* [Work instruction] The answer should be the records below, word for word, with every image left out.

---------- Source data ----------

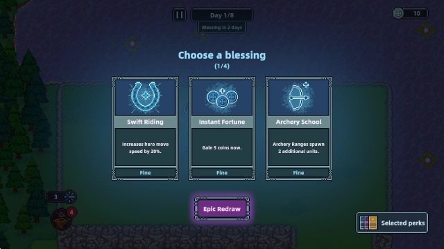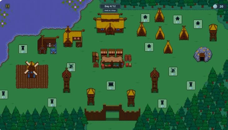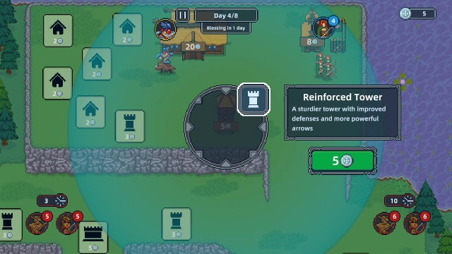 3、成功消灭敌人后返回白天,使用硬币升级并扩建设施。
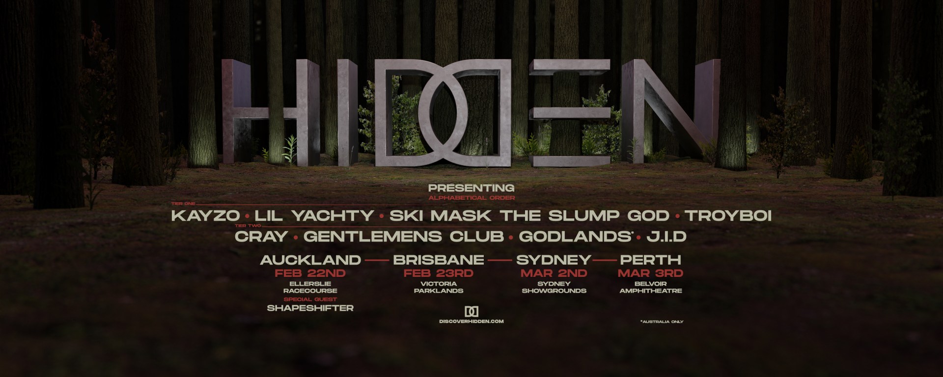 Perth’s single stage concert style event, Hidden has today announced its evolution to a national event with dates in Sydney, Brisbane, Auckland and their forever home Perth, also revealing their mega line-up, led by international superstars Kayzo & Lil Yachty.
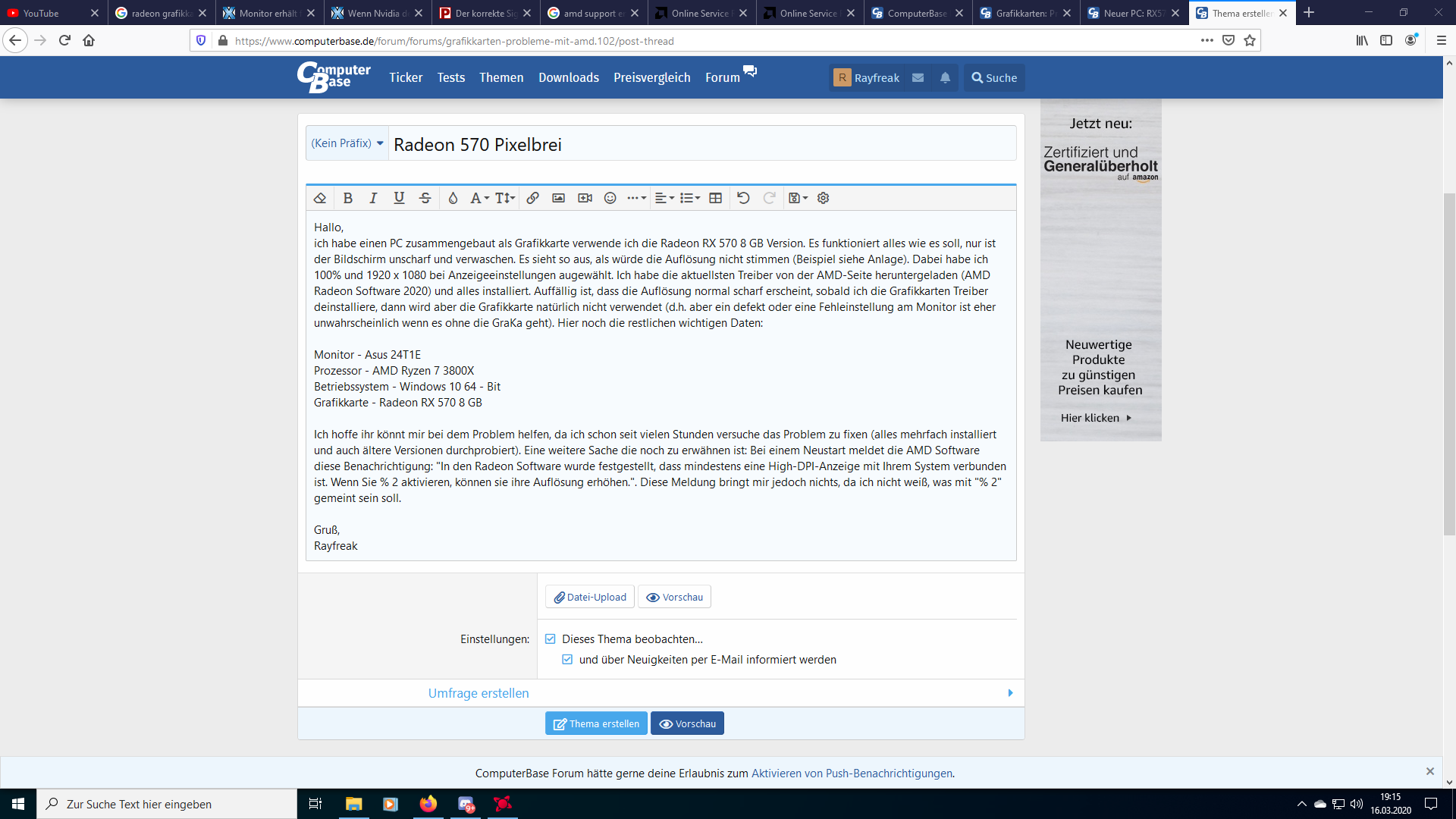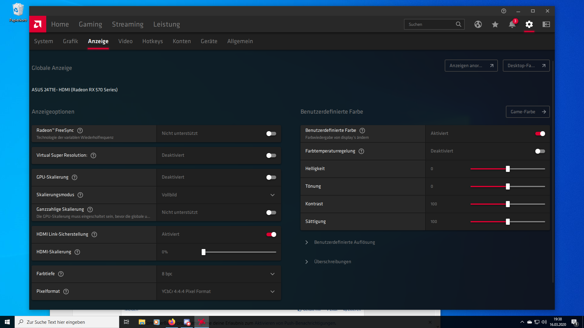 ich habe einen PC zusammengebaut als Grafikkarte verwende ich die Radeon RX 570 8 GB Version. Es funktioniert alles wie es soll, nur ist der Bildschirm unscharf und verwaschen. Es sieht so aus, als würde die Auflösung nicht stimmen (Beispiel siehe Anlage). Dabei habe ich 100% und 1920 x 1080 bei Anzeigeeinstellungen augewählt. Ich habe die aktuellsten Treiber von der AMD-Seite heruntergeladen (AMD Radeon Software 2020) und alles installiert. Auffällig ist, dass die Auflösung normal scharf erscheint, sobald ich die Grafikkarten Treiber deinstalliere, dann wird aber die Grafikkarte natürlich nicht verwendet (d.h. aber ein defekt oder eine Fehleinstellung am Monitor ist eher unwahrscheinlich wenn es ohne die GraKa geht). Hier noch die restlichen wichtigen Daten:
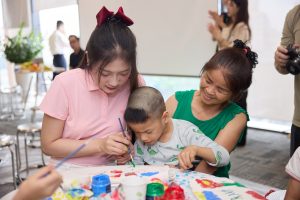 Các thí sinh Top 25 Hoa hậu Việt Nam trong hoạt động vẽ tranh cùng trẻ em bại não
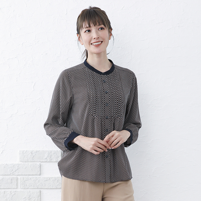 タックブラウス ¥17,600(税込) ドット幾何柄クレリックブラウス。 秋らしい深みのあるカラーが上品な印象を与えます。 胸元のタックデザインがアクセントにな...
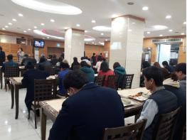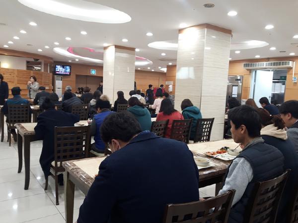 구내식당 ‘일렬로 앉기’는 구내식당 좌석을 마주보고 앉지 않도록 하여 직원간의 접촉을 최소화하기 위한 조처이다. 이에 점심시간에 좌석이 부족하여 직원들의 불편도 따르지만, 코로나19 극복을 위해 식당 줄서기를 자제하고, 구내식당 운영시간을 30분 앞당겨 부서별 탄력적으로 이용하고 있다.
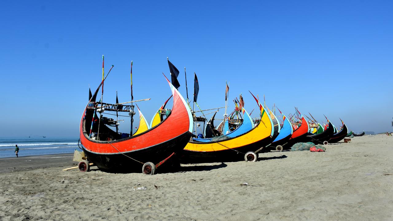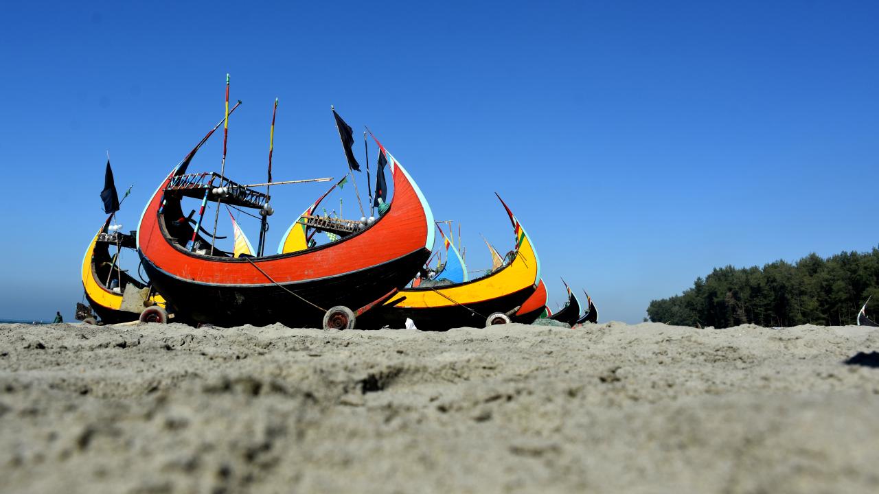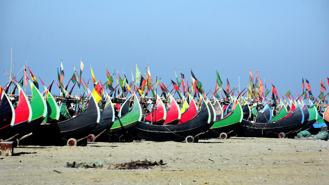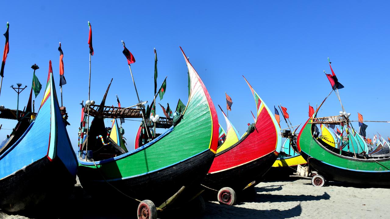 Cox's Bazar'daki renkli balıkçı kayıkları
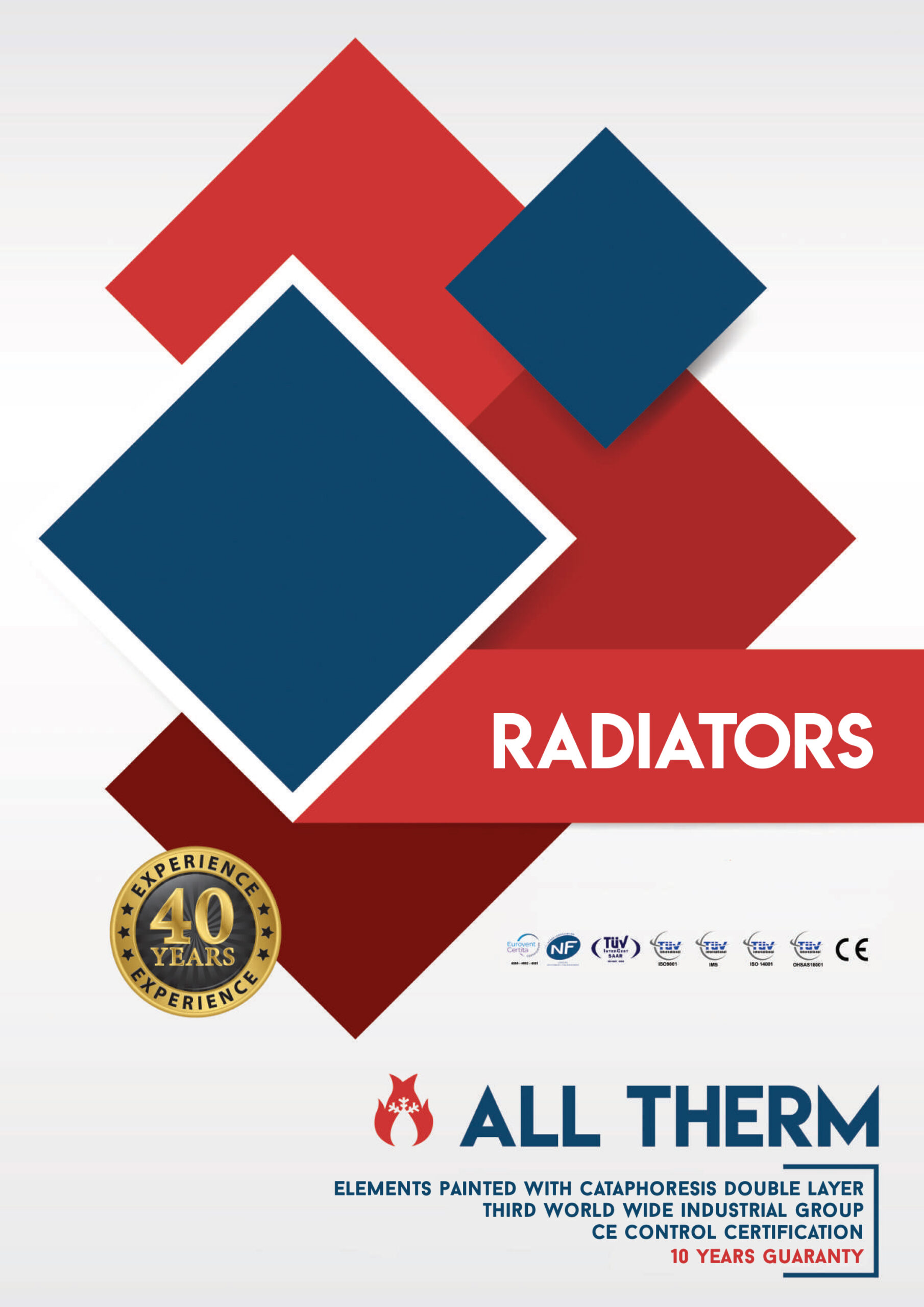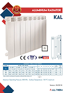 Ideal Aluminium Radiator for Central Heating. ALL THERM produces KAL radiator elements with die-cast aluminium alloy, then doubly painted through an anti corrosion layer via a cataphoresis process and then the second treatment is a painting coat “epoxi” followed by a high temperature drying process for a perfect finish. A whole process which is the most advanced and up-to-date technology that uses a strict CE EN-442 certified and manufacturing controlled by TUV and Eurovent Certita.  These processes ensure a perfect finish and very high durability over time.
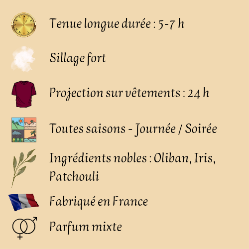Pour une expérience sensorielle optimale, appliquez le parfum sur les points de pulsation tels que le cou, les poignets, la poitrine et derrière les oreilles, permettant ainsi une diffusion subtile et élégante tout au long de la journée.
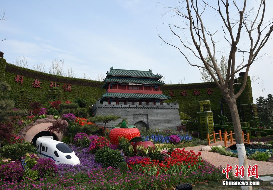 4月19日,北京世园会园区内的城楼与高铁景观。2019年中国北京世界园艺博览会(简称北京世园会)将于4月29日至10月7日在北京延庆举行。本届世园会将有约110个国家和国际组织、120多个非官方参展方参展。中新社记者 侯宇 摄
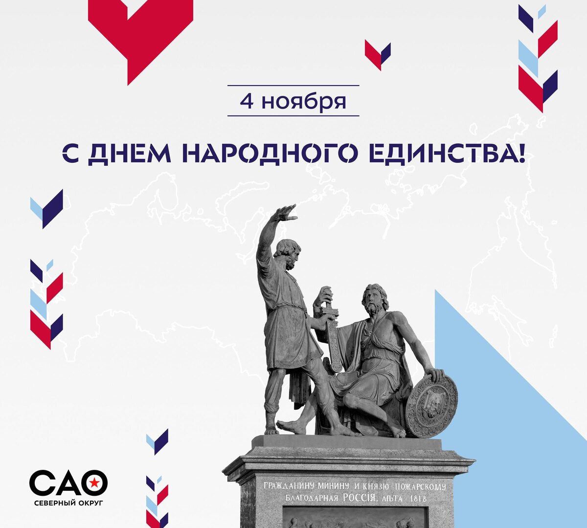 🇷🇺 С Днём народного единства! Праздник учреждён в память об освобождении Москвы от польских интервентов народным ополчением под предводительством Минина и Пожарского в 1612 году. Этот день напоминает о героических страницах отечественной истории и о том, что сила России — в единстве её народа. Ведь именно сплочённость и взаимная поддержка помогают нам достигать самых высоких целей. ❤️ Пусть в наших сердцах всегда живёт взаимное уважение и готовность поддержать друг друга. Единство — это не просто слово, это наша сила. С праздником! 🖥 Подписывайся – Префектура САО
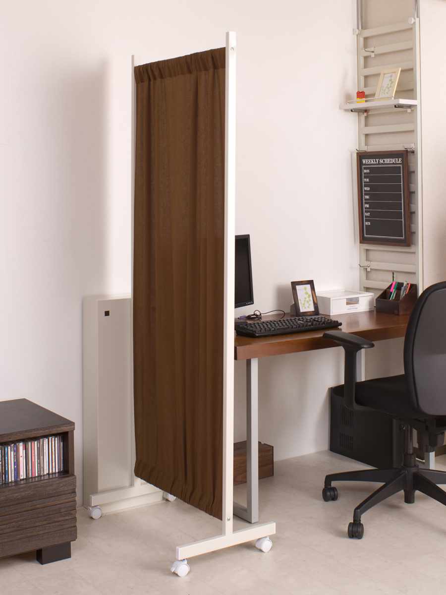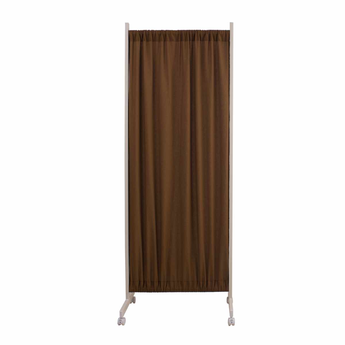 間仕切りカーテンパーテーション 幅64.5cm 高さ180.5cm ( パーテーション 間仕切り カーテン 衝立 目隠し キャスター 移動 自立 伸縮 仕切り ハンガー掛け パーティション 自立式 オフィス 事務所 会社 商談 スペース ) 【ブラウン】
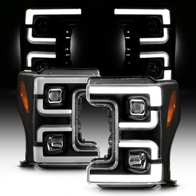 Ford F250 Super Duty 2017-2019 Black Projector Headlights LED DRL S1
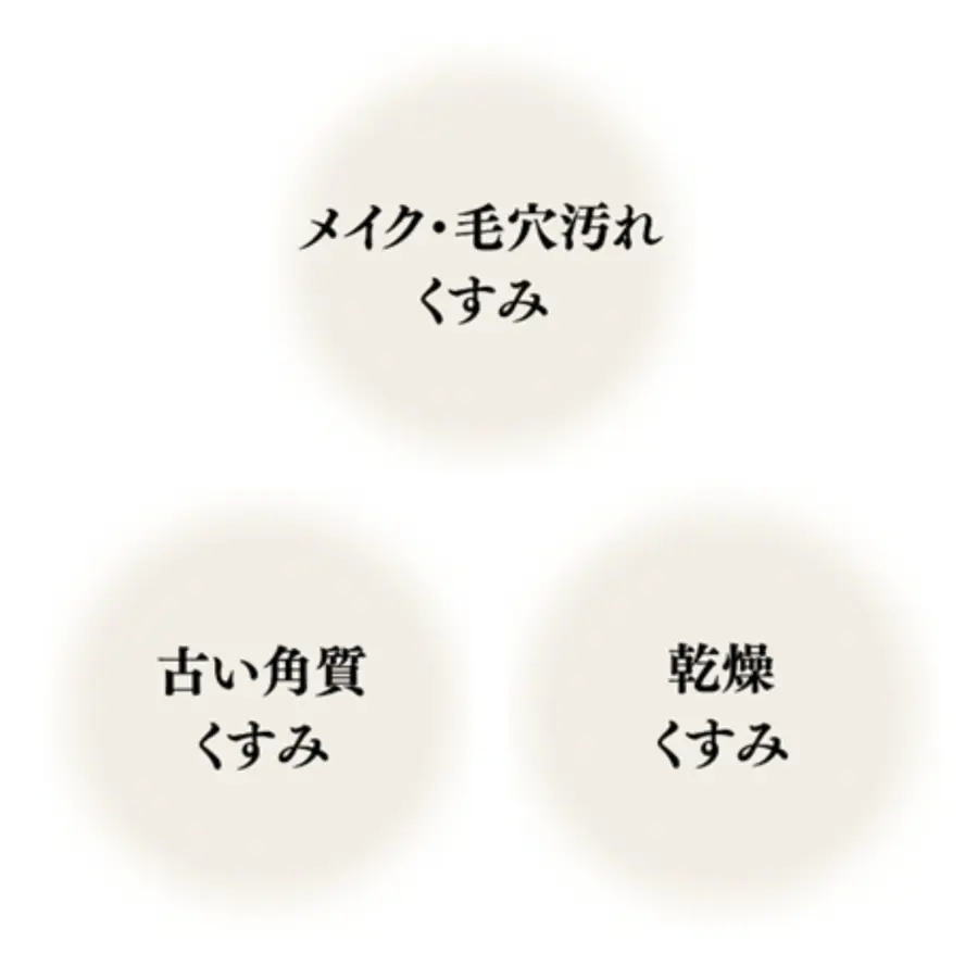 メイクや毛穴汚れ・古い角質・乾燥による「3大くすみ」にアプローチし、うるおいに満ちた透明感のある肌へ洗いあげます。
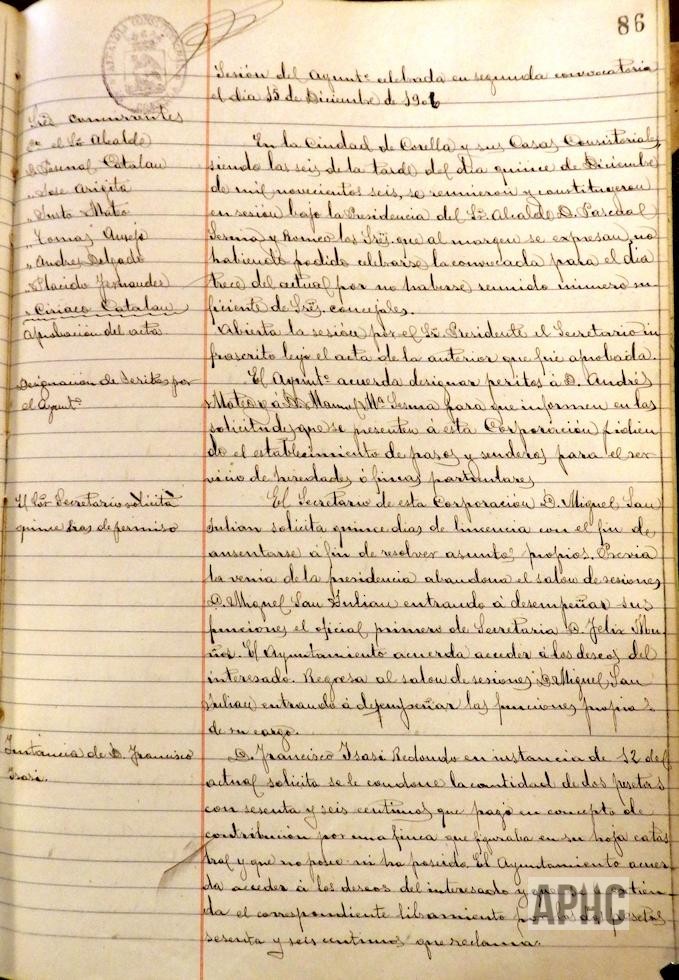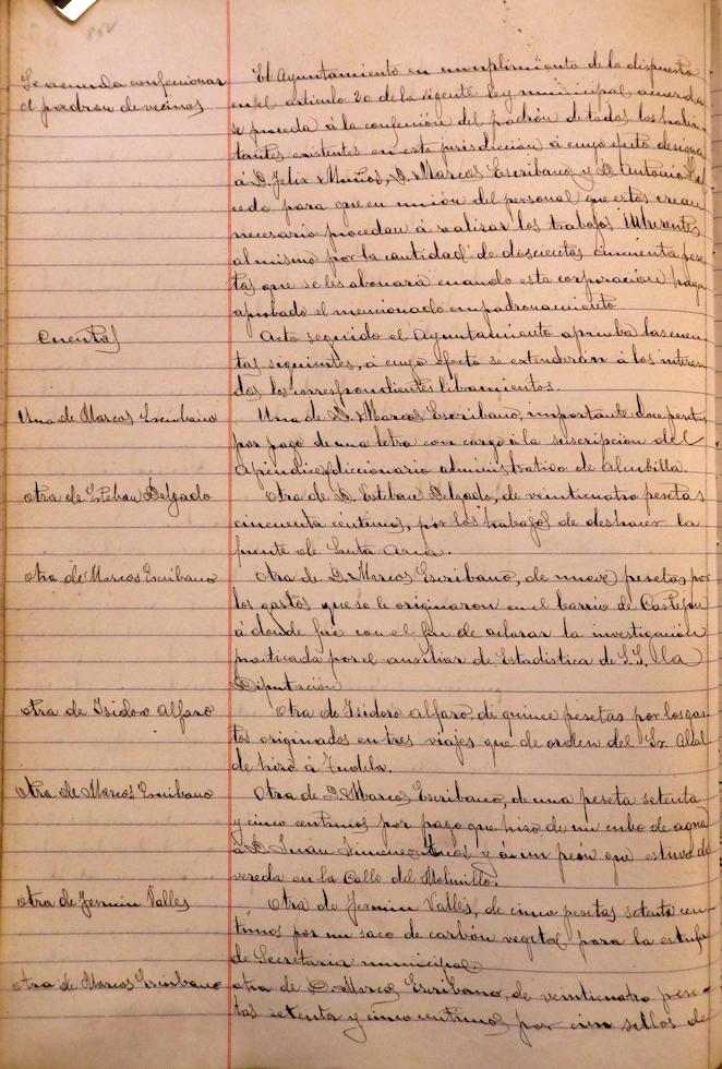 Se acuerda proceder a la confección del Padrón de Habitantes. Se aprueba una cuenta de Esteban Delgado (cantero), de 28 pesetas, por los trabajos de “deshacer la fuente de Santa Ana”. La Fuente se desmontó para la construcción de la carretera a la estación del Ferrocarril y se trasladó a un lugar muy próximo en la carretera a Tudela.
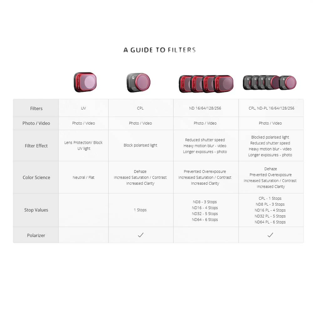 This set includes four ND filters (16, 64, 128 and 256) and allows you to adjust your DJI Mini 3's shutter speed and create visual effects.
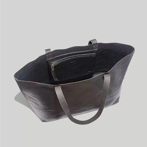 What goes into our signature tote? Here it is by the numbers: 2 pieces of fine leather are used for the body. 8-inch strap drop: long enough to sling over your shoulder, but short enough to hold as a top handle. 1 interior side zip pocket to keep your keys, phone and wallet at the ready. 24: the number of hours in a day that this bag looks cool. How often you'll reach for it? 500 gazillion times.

----------

* [Solution to this exercise]
 3、成功消灭敌人后返回白天,使用硬币升级并扩建设施。
 Perth’s single stage concert style event, Hidden has today announced its evolution to a national event with dates in Sydney, Brisbane, Auckland and their forever home Perth, also revealing their mega line-up, led by international superstars Kayzo & Lil Yachty.
 ich habe einen PC zusammengebaut als Grafikkarte verwende ich die Radeon RX 570 8 GB Version. Es funktioniert alles wie es soll, nur ist der Bildschirm unscharf und verwaschen. Es sieht so aus, als würde die Auflösung nicht stimmen (Beispiel siehe Anlage). Dabei habe ich 100% und 1920 x 1080 bei Anzeigeeinstellungen augewählt. Ich habe die aktuellsten Treiber von der AMD-Seite heruntergeladen (AMD Radeon Software 2020) und alles installiert. Auffällig ist, dass die Auflösung normal scharf erscheint, sobald ich die Grafikkarten Treiber deinstalliere, dann wird aber die Grafikkarte natürlich nicht verwendet (d.h. aber ein defekt oder eine Fehleinstellung am Monitor ist eher unwahrscheinlich wenn es ohne die GraKa geht). Hier noch die restlichen wichtigen Daten:
 Các thí sinh Top 25 Hoa hậu Việt Nam trong hoạt động vẽ tranh cùng trẻ em bại não
 タックブラウス ¥17,600(税込) ドット幾何柄クレリックブラウス。 秋らしい深みのあるカラーが上品な印象を与えます。 胸元のタックデザインがアクセントにな...
 구내식당 ‘일렬로 앉기’는 구내식당 좌석을 마주보고 앉지 않도록 하여 직원간의 접촉을 최소화하기 위한 조처이다. 이에 점심시간에 좌석이 부족하여 직원들의 불편도 따르지만, 코로나19 극복을 위해 식당 줄서기를 자제하고, 구내식당 운영시간을 30분 앞당겨 부서별 탄력적으로 이용하고 있다.
 Cox's Bazar'daki renkli balıkçı kayıkları
 Ideal Aluminium Radiator for Central Heating. ALL THERM produces KAL radiator elements with die-cast aluminium alloy, then doubly painted through an anti corrosion layer via a cataphoresis process and then the second treatment is a painting coat “epoxi” followed by a high temperature drying process for a perfect finish. A whole process which is the most advanced and up-to-date technology that uses a strict CE EN-442 certified and manufacturing controlled by TUV and Eurovent Certita.  These processes ensure a perfect finish and very high durability over time.
Pour une expérience sensorielle optimale, appliquez le parfum sur les points de pulsation tels que le cou, les poignets, la poitrine et derrière les oreilles, permettant ainsi une diffusion subtile et élégante tout au long de la journée.
 4月19日,北京世园会园区内的城楼与高铁景观。2019年中国北京世界园艺博览会(简称北京世园会)将于4月29日至10月7日在北京延庆举行。本届世园会将有约110个国家和国际组织、120多个非官方参展方参展。中新社记者 侯宇 摄
 🇷🇺 С Днём народного единства! Праздник учреждён в память об освобождении Москвы от польских интервентов народным ополчением под предводительством Минина и Пожарского в 1612 году. Этот день напоминает о героических страницах отечественной истории и о том, что сила России — в единстве её народа. Ведь именно сплочённость и взаимная поддержка помогают нам достигать самых высоких целей. ❤️ Пусть в наших сердцах всегда живёт взаимное уважение и готовность поддержать друг друга. Единство — это не просто слово, это наша сила. С праздником! 🖥 Подписывайся – Префектура САО
 間仕切りカーテンパーテーション 幅64.5cm 高さ180.5cm ( パーテーション 間仕切り カーテン 衝立 目隠し キャスター 移動 自立 伸縮 仕切り ハンガー掛け パーティション 自立式 オフィス 事務所 会社 商談 スペース ) 【ブラウン】
 Ford F250 Super Duty 2017-2019 Black Projector Headlights LED DRL S1
 メイクや毛穴汚れ・古い角質・乾燥による「3大くすみ」にアプローチし、うるおいに満ちた透明感のある肌へ洗いあげます。
 Se acuerda proceder a la confección del Padrón de Habitantes. Se aprueba una cuenta de Esteban Delgado (cantero), de 28 pesetas, por los trabajos de “deshacer la fuente de Santa Ana”. La Fuente se desmontó para la construcción de la carretera a la estación del Ferrocarril y se trasladó a un lugar muy próximo en la carretera a Tudela.
 This set includes four ND filters (16, 64, 128 and 256) and allows you to adjust your DJI Mini 3's shutter speed and create visual effects.
 What goes into our signature tote? Here it is by the numbers: 2 pieces of fine leather are used for the body. 8-inch strap drop: long enough to sling over your shoulder, but short enough to hold as a top handle. 1 interior side zip pocket to keep your keys, phone and wallet at the ready. 24: the number of hours in a day that this bag looks cool. How often you'll reach for it? 500 gazillion times.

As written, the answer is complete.